> **Given data**:
═══
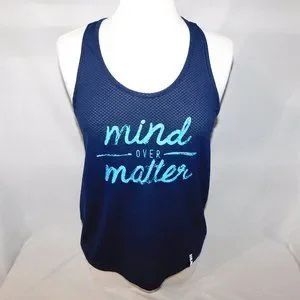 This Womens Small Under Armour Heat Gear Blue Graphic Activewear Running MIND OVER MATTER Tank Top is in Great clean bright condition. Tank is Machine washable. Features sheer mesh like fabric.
═══
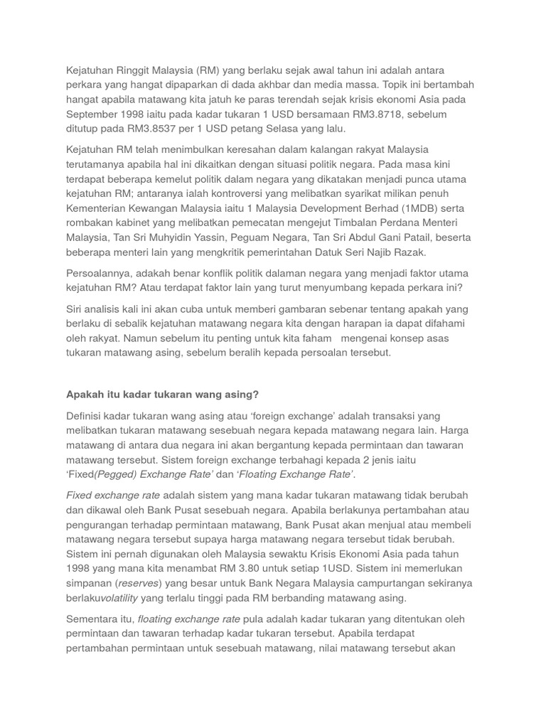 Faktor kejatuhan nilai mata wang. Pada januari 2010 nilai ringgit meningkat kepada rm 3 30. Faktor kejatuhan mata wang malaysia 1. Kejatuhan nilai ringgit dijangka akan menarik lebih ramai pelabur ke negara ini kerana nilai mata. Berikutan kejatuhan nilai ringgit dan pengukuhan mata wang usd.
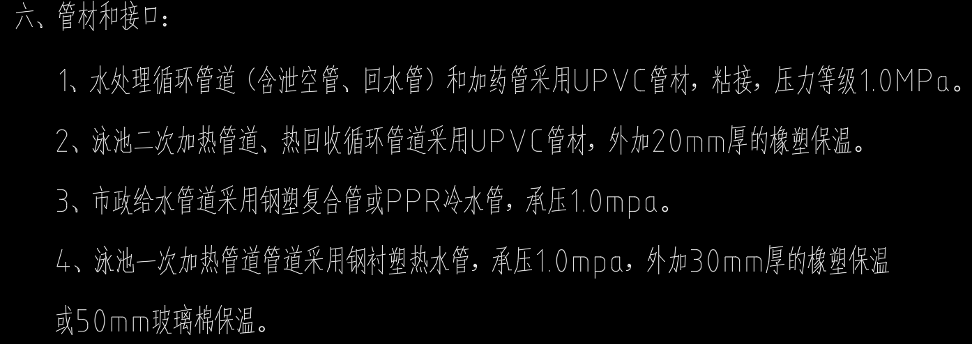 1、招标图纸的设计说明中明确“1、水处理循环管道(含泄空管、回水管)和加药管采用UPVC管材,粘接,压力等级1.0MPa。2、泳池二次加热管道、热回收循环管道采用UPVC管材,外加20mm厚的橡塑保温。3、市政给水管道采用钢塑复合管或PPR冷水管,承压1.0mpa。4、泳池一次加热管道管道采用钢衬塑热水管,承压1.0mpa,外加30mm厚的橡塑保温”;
═══
> **How to complete this task**: Go down the entries above from the line containing "Faktor kejatuhan nilai" to the line containing "1、招标图纸的设计说明中明确" and write out each line exactly, leaving pictures out.

> **Finished task**:
 Faktor kejatuhan nilai mata wang. Pada januari 2010 nilai ringgit meningkat kepada rm 3 30. Faktor kejatuhan mata wang malaysia 1. Kejatuhan nilai ringgit dijangka akan menarik lebih ramai pelabur ke negara ini kerana nilai mata. Berikutan kejatuhan nilai ringgit dan pengukuhan mata wang usd.
 1、招标图纸的设计说明中明确“1、水处理循环管道(含泄空管、回水管)和加药管采用UPVC管材,粘接,压力等级1.0MPa。2、泳池二次加热管道、热回收循环管道采用UPVC管材,外加20mm厚的橡塑保温。3、市政给水管道采用钢塑复合管或PPR冷水管,承压1.0mpa。4、泳池一次加热管道管道采用钢衬塑热水管,承压1.0mpa,外加30mm厚的橡塑保温”;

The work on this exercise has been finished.